• _MATERIAL FOR THIS EXERCISE_:

-- Opening Marker --

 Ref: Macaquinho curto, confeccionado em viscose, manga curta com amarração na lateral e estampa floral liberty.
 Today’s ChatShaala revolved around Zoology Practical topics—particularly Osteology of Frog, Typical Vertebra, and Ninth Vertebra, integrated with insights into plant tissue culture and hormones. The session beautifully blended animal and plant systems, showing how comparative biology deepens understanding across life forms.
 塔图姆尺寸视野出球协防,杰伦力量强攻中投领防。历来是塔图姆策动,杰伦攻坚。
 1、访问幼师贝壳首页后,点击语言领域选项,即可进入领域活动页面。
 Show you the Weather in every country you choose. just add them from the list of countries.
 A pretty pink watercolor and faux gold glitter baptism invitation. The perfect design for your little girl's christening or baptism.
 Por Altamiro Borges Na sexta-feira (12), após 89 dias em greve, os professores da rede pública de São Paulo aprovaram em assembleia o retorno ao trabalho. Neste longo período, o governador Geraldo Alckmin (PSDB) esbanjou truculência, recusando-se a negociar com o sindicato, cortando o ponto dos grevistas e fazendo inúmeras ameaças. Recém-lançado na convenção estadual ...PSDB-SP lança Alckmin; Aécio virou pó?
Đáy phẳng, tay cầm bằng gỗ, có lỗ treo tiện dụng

-- Closing Marker --
-- Opening Marker --

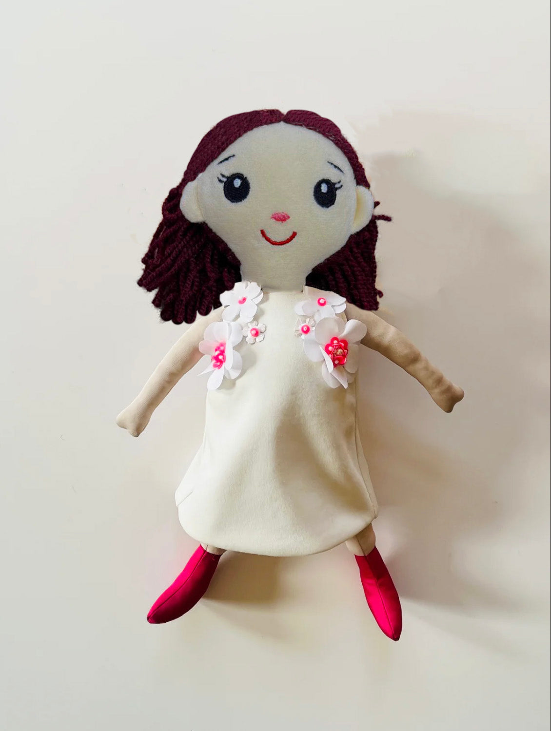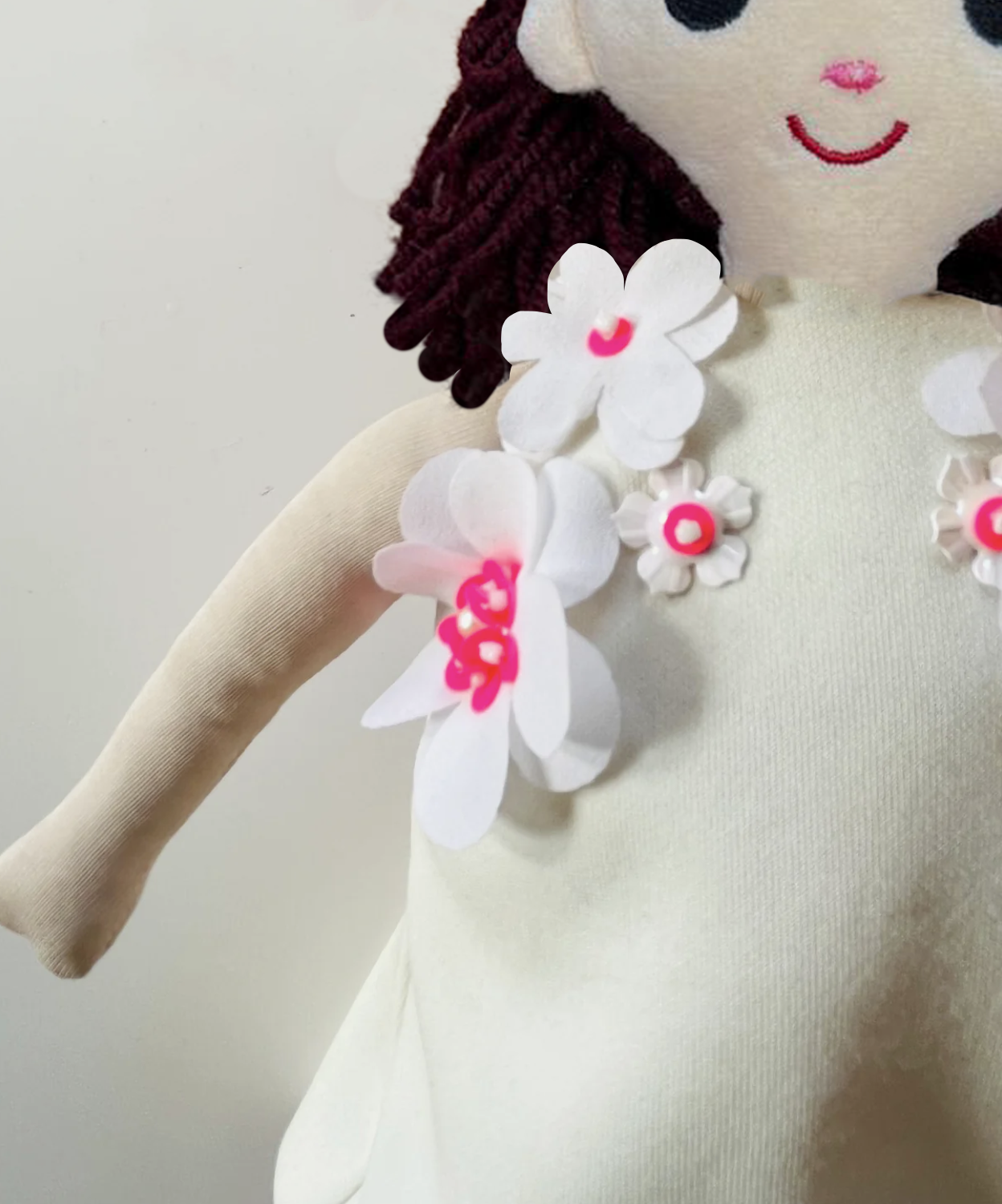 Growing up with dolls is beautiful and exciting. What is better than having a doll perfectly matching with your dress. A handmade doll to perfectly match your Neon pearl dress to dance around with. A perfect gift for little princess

-- Closing Marker --
-- Opening Marker --

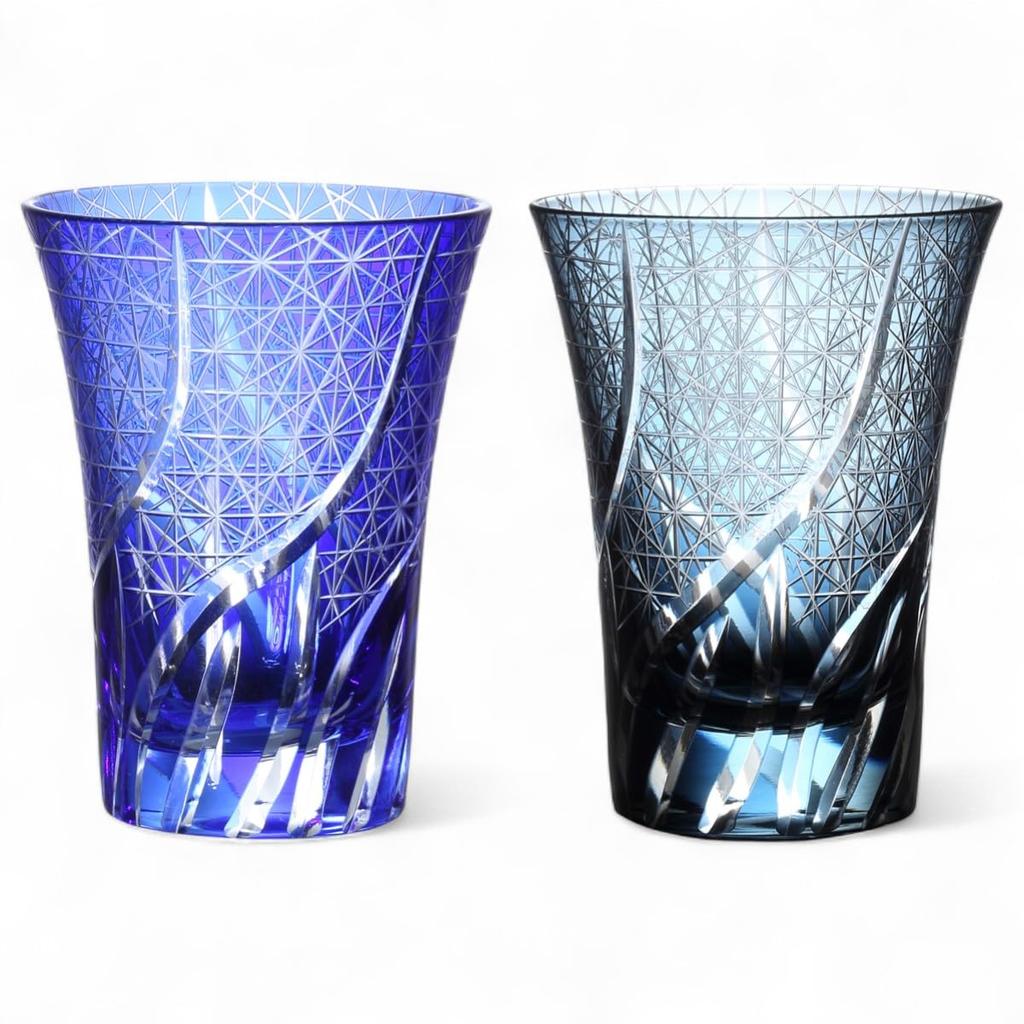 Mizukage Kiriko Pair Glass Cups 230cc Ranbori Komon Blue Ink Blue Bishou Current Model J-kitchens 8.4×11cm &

-- Closing Marker --

• _TASK STATEMENT_: In the data above, retype exactly and only the lines between the one holding "Show you the" and the one holding "Đáy phẳng, tay", inclusive.

• _EXPECTED OUTPUT_:
 Show you the Weather in every country you choose. just add them from the list of countries.
 A pretty pink watercolor and faux gold glitter baptism invitation. The perfect design for your little girl's christening or baptism.
 Por Altamiro Borges Na sexta-feira (12), após 89 dias em greve, os professores da rede pública de São Paulo aprovaram em assembleia o retorno ao trabalho. Neste longo período, o governador Geraldo Alckmin (PSDB) esbanjou truculência, recusando-se a negociar com o sindicato, cortando o ponto dos grevistas e fazendo inúmeras ameaças. Recém-lançado na convenção estadual ...PSDB-SP lança Alckmin; Aécio virou pó?
Đáy phẳng, tay cầm bằng gỗ, có lỗ treo tiện dụng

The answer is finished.